Evaluation metrics on classification of breast cancer dataset#

The confusion matrix is a table that contains the performance of the model: The columns represent the instances that belong to a predicted class; and the rows refer to the instances that actually belong to that class (ground truth).

Confusion matrix

Predicted: True

Predicted: False

Actual: True

True Positives

False Negatives

Actual: False

False Positives

True Negatives

Accuracy measures the model’s ability to correctly classify all instances, and not always a useful metric when the objective is to minimize/maximize the occurrence of one class independently of its performance on other classes.
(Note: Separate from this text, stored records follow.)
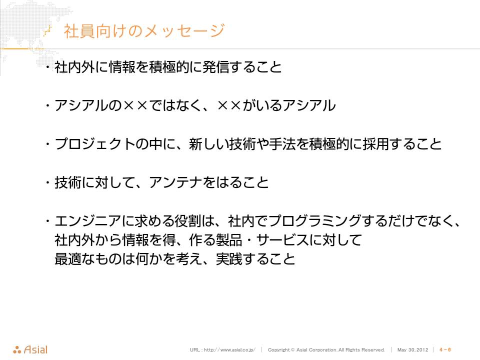 アシアルでも、数年前にメンバーから募集して、「アシアルとは?」をテーマにメッセージを作成し、最終的に「最新トレンドをいち早くシステム化し、お客様のビジネスに感動を与える、少数精鋭のものづくり集団」という言葉を定めました。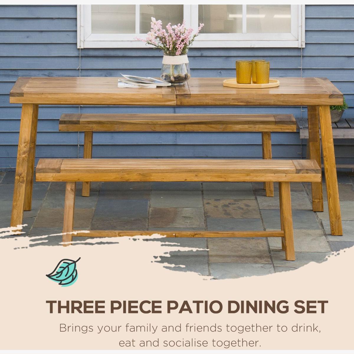 A set for everyday garden and outdoor space - this Outsunny dining set. Comes with a four-person table and two benches holding up four people. Each piece is made from acacia wood strong and sturdy, with a varnish coating for light protection. The wood retains the natural character beautiful and sleek.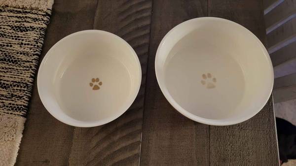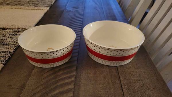 Set of 2 pet bowls by Fidos Diner by Coastline Imports 1 small (5 x 2.25") and 1 medium size (6 x 2.5") Can be used for dog or cat Ceramic Excellent condition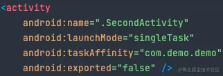 讲解该模式之前,需要介绍属性taskAffinity,如下图所示,与launchMode 一样,taskAffinity也是定义在AndroidManifest文件中的Activity属性,它的作用是指定Activity被创建时想被放入的栈,该栈的名字必须有“com. . ”类似于包名的格式,此外,由于应用的默认栈的名字就是包名,该栈名字要和包名不同,不然意义不大。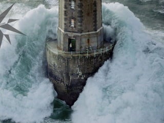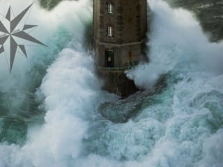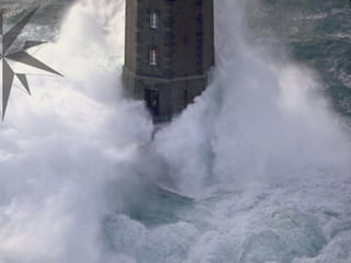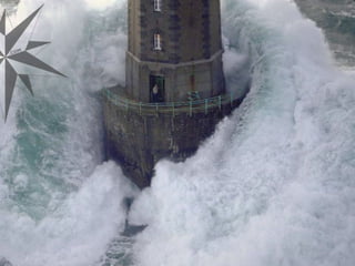 Este documento describe el Faro de la Jument en Ouessant, Bretaña Francesa. Mientras el paisaje suele ser agradable y tranquilo, cuando llega el temporal, la tormenta desde dentro del faro es simplemente impresionante. El documento expresa la admiración por la labor de las personas que trabajan en el faro durante las tormentas.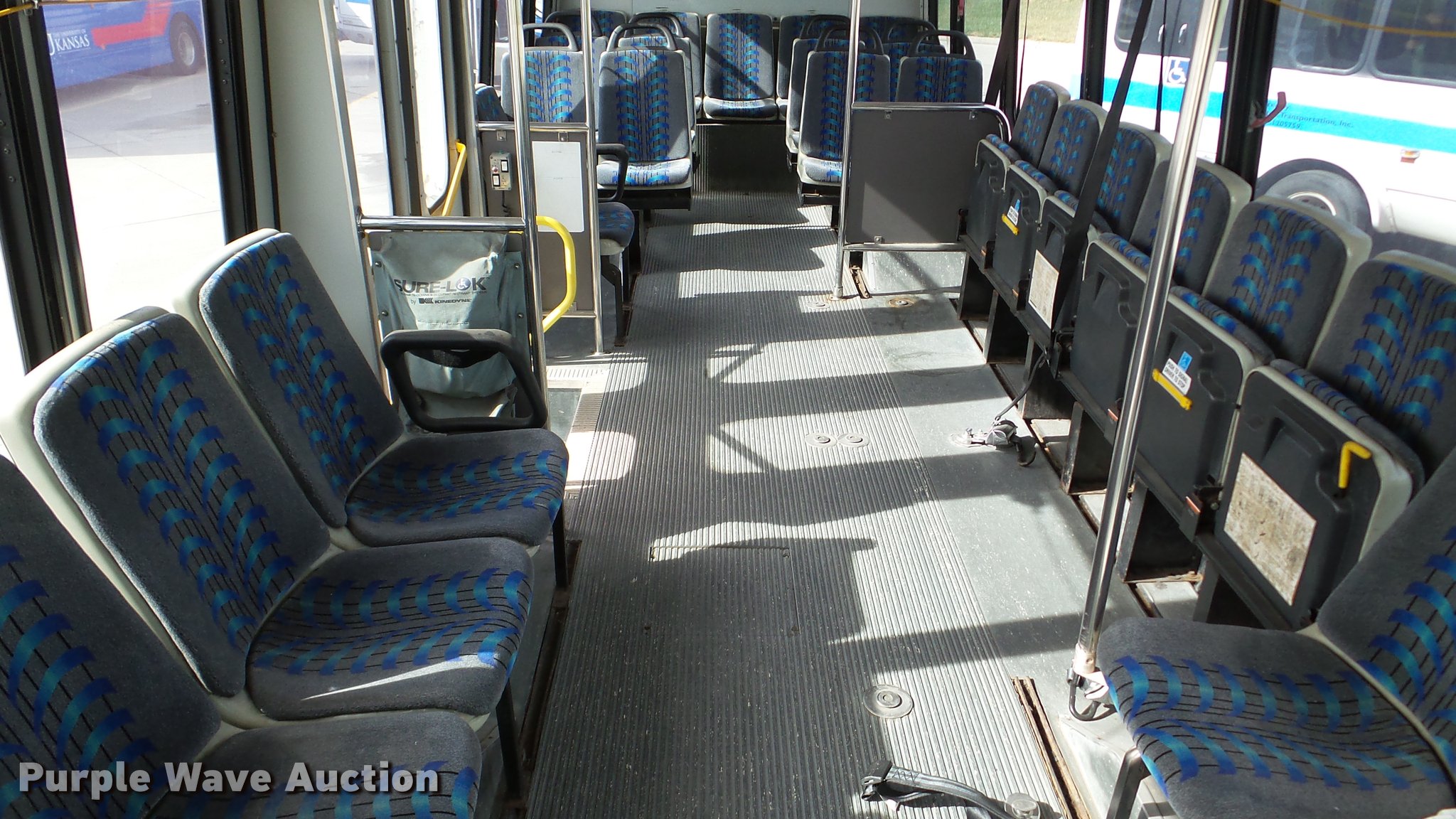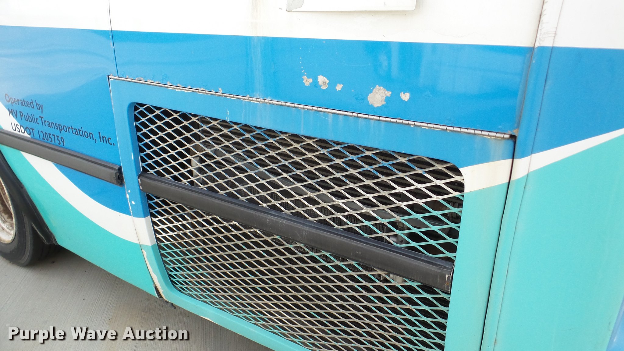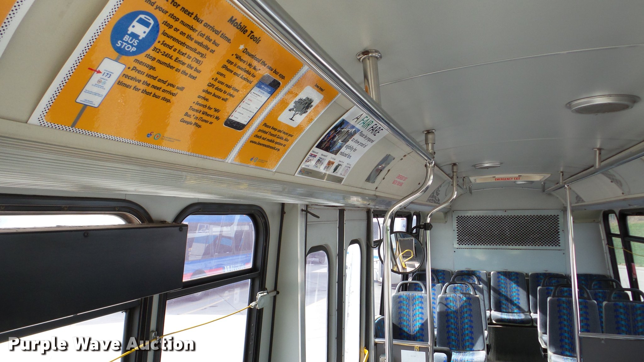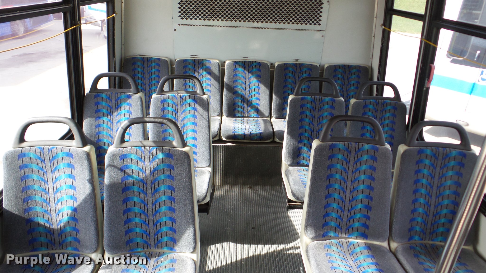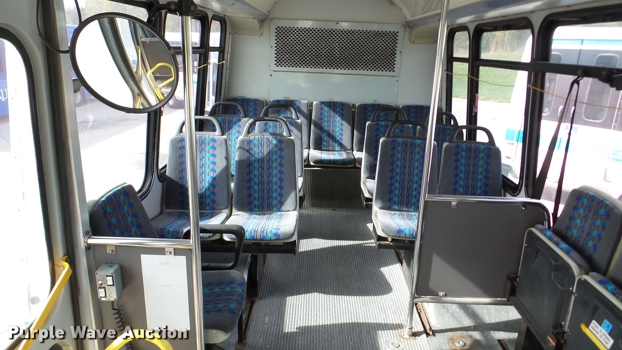 Purple Wave is selling a used Bus in Kansas. This item is a 2002 Neoplan Eldorado National shuttle bus with the following: 354 miles on odometer, 110,544 miles on hubodometer, 45,451 hours on meter, Cummins 5.9L L6 diesel engine, Automatic transmission, Single axle, AC and heat, Air suspension seat, Ceiling handrail, 25 passenger capacity, Ceiling, rear, and side emergency egress, Air suspension, Air brakes, 138" wheelbase, 255/70R22.5 tires, GVWR 29,800 lbs, Non-operational unit, parts missing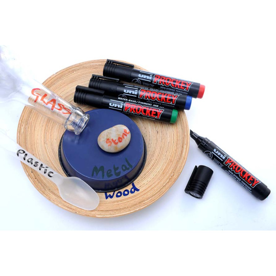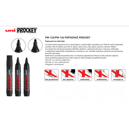 Popisovač na vodní bázi s kulatým hrotem 1,2 - 1,8 mm. Uni-ball Prockey popisovací fix je nejrychlejším a nejúčinnějším způsobem pro TRVALÉ značení předmětů a potřeb. Píše na většinu povrchů vč. papíru, dřeva, kovu, skla, plastu, tkaniny a kamene. Řešení pro značení bez šití při personalizaci dětského oblečení s odolností vůči praní. Inkoust je světlostálý a voděodolný, takže štítky nevyblednout a nesmyjí se, což z něj dělá nezbytnou pomůcku pro domácnost, kancelář nebo školu. Nedochází k prosáknutí psaného textu. Fix obsahuje pigmentový inkoust na bázi vody bez zápachu. Tento spolehlivý popisovač pro trvalé značení je také vynikající pro grafické použití. Vyrobeno v Japonsku.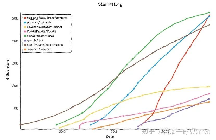 启发:2019年的时候,Warren兴奋地跟人介绍Hugging Face,对方给Warren的回复是:模型库的流行,不一定能做成商业化公司,SKlearn就是一个好例子,也很流行。但是看到Hugging Face的transformers库的star持续地快速增长,生态的持续繁荣,并获得了后续轮的融资。嗯,Elon Musk说得对,不要轻易地用类比,要用第一性原理去分析!要相信自己的判断!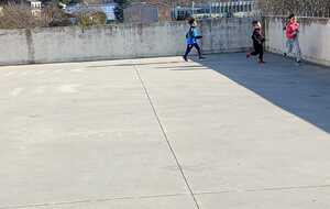 2ème atelier...relais coupelles : 2 petits groupes. Au top départ de Loan chaque 1er devait partir en courant et devant eux à une certaine distance il y avait un plot avec un jalon et à côté un cerceau avec des coupelles, chacun devait prendre 1 coupelle du cerceau et l'enfiler au jalon et vite repartir taper la main du 2ème qui a son tour de faire pareil et cela jusqu'à ce qu'il ne reste plus de coupelle dans le cerceau. Le 1er groupe qui terminait marquait 1 point. Cela a été fait 4 fois pour améliorer leurs scores.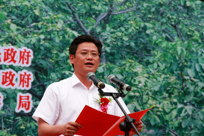 蔡邦银代表中共广元市朝天区委、区人大、区政府、区政协和21万朝天人民,向光临节会的各位领导、各位嘉宾、各界朋友表示热烈的欢迎!蔡邦银向各位领导和嘉宾介绍了朝天区基本情况和核桃产业发展情况。我区在认真分析区情、准确把握优势和劣势的基础上,确立了“一亩良田稳温饱,十亩山地奔小康”的发展思路和“生态建设产业化,产业发展生态化”的总要求以及“建设川陕甘规模最大的核桃交易集散地和全国知名、全省最大的核桃生产和加工基地”的总体目标,把核桃产业作为发展农村经济、增加农民收入的主导产业和优势产业来抓,掀起了一轮又一轮核桃产业发展高潮。特别是去年以来,我们以四川省林业产业发展现场会参观朝天为动力,突破性推进核桃产业发展,并深度推进核桃养生文化、核桃创意旅游发展,使农业产业化与新型工业化、新型城市化相互促进、相互推动、相互融合,探索走出了一条盆周山区生态林业富民的特色发展之路。截至2011年底,全区累计发展核桃基地25万亩630万株,人均拥有1.2亩核桃;核桃年产量首次突破万吨大关,连续三年位居四川省县区首位;农民人均从核桃产业获得收益2000元以上,占全区农民人均纯收入将近一半。当前和今后五年,朝天有决心有信心在党中央国务院、四川省委省政府、广元市委市政府的坚强领导下,在国家、省、市相关部门、友好县区和社会各界的大力支持下,围绕“加快振兴发展、推进全面小康”主题,大力实施“四化联动、文化推动、民生带动、创新驱动”战略,加快构建“三中心三基地”(把朝天基本建成广元城市北部中心、川陕结合部物资集散中心、川陕结合部区域文化中心,建成全国知名的新型能源和新型建材生产基地、全国知名的绿色农特产品生产加工和出口基地、全国知名的蜀道文化旅游和生态养生基地),奋力实现“三个翻番”(地区生产总值、地方公共财政收入、工业增加值实现翻一番)和“四个更加”(经济更加发展、文化更加繁荣、生态更加优良、人民更加幸福),为实现全面小康奠定基础,加快建设生态文明繁荣和谐新朝天。力争到2015年,全区核桃种植规模达35万亩1000万株,人均拥有核桃1.5亩以上,全区核桃产量实现3万吨以上,年人均核桃纯收入达3000元以上,将朝天区建成川陕甘规模最大的核桃交易集散地和全国知名、全省最大的核桃生产加工基地。

Precision measures the model’s ability to correctly classify positive labels by comparing it with the total number of instances predicted as positive. This is represented by the ratio between the true positives and the sum of the true positives and false positives.

Recall measures the number of correctly predicted positive labels against all positive labels. This is represented by the ratio between true positives and the sum of true positives and false negatives.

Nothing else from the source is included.